Магистр медицины Дино из Олены, ужиная однажды вечером с флорентийскими приорами, среди которых был Дино ди Джери Чильямоки, в то время Знаменосец Справедливости, добивается того, что означенный Дино отказывается ужинать и в конце концов собирается отправить означенного магистра Дино в ссылку

Дино ди Джери Чильямоки был гражданином Флоренции; занятый делами торговли, он провел много времени в таких странах, как Фландрия и Англия. Он был длиннющий и худой, с непомерно большим зобом; видя или слыша какую-нибудь гадость, он непременно делал брезгливую гримасу, а так как он к тому же разговаривал лишь наполовину на тамошних языках, он казался довольно-таки чудным. В бытность свою Знаменосцем Справедливости, он пригласил к ужину магистра Дино. Означенный же магистр Дино был куда еще более чудной, чем означенный Дино. Итак, они уселись за стол — означенный Знаменосец на верху стола, магистр Дино рядом с ним, а еще был там Гино ди Бернардо д’Ансельмо, который был приором и, быть может, вместе с магистром Дино зачинщиком того, что воспоследует из настоящей новеллы.

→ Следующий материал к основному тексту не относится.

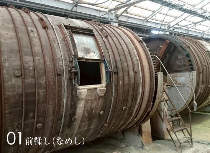 塩漬けされた原皮を巨大な専用ドラムで24時間かけて“水戻し”し、皮に命を吹き込む作業など、

Когда стол был накрыт, подали телячий желудок, и только что его начали разрезать, как магистр Дино говорит Дино:

— За какие деньги согласились бы вы есть из миски, которая несколько месяцев была наполнена калом?

Дино на него поглядел и, смутившись, сказал:

— Плохо тому, кто не умеет себя вести. Унеси это прочь, унеси.

Магистр Дино говорит ему:

— А что подали на стол? Ведь это еще хуже.

Дино крутит зобом:

— К чему эти слова?

Магистр Дино отвечает:

— К тому, что было подано на стол в качестве первого блюда. Признайтесь: разве этот желудок не есть тот сосуд, в котором кал животного находился с тех пор, как оно родилось? А вы, синьор, да еще какой синьор, питаетесь столь гнусной пищей?

— Плохо, плохо. Уберите, — говорит тот, обращаясь к слугам, — и — клянусь создателем! — вы этого больше не будете есть. — Сам Дино не поел ни желудка, ни чего-либо другого.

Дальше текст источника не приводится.